===== EXTRACTED RECORDS

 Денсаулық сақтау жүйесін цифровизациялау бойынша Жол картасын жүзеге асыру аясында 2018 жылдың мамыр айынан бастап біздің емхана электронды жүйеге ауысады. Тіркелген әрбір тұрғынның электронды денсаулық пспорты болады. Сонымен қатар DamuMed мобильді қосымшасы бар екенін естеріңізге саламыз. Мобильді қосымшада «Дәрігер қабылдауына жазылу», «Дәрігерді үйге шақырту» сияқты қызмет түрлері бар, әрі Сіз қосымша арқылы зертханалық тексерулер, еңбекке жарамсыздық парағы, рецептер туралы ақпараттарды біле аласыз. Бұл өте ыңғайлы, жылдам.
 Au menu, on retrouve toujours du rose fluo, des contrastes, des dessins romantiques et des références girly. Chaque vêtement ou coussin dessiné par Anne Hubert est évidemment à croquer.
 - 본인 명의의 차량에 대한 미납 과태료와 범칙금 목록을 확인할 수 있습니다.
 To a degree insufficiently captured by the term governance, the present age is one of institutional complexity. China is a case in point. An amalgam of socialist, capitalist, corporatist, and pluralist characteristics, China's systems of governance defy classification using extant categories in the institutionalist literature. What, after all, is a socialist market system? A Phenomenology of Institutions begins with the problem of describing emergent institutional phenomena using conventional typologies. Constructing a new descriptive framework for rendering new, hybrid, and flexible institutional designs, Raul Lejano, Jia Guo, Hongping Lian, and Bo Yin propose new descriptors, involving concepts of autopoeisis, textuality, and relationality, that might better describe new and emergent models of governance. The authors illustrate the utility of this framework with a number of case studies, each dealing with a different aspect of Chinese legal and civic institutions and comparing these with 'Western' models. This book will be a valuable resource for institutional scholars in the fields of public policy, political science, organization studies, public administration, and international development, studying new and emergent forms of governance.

==========
===== EXTRACTED RECORDS

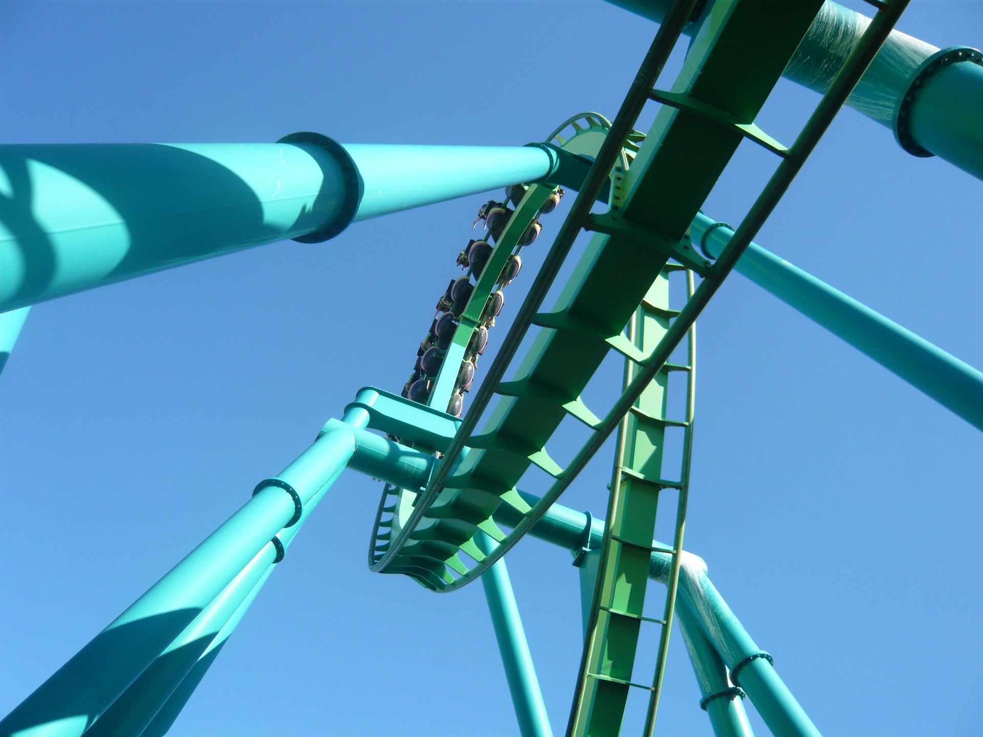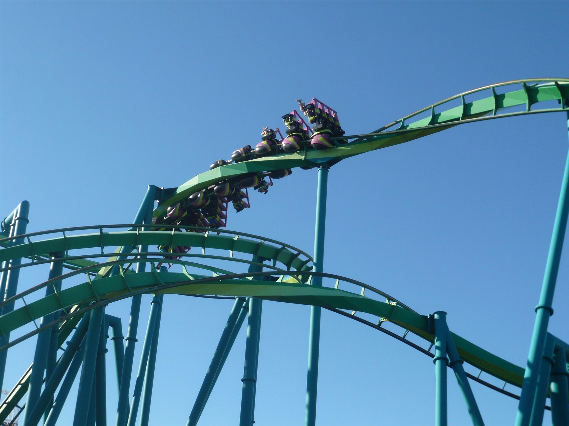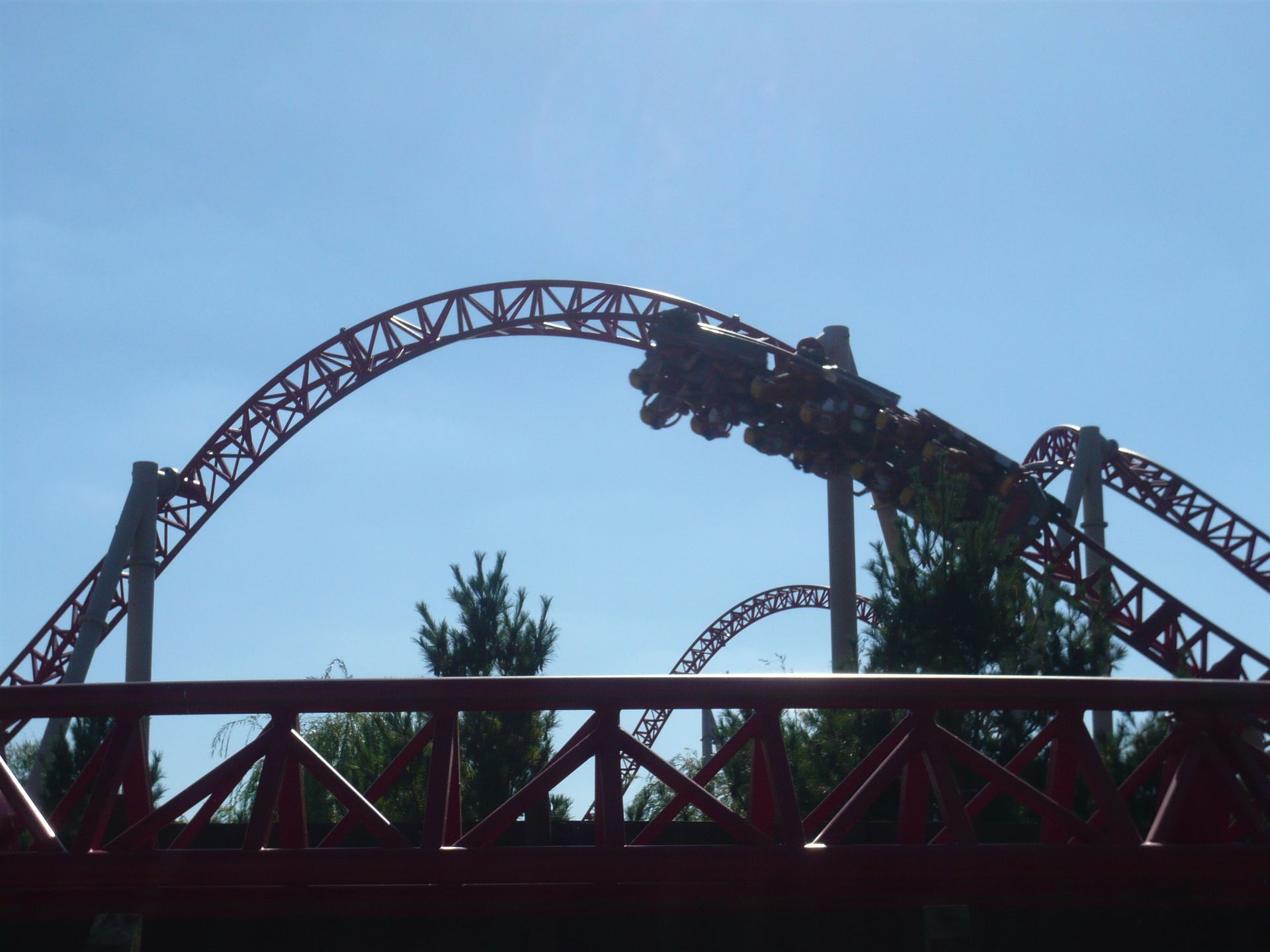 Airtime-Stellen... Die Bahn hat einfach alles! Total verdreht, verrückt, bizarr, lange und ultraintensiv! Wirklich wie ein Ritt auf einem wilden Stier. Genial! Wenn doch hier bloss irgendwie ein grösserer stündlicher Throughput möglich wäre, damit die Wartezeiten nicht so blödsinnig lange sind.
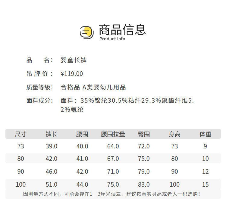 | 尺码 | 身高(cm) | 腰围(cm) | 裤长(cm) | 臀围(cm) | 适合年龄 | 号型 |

==========

Write out exactly the lines that fall from the line with "Денсаулық сақтау жүйесін" to the line with "- 본인 명의의 차량에 대한 미납 과태료와 범칙금 목록을 확인할 수 있습니다." in the records above, keeping both ends.

* [OUTPUT FOR THIS TASK]:
 Денсаулық сақтау жүйесін цифровизациялау бойынша Жол картасын жүзеге асыру аясында 2018 жылдың мамыр айынан бастап біздің емхана электронды жүйеге ауысады. Тіркелген әрбір тұрғынның электронды денсаулық пспорты болады. Сонымен қатар DamuMed мобильді қосымшасы бар екенін естеріңізге саламыз. Мобильді қосымшада «Дәрігер қабылдауына жазылу», «Дәрігерді үйге шақырту» сияқты қызмет түрлері бар, әрі Сіз қосымша арқылы зертханалық тексерулер, еңбекке жарамсыздық парағы, рецептер туралы ақпараттарды біле аласыз. Бұл өте ыңғайлы, жылдам.
 Au menu, on retrouve toujours du rose fluo, des contrastes, des dessins romantiques et des références girly. Chaque vêtement ou coussin dessiné par Anne Hubert est évidemment à croquer.
 - 본인 명의의 차량에 대한 미납 과태료와 범칙금 목록을 확인할 수 있습니다.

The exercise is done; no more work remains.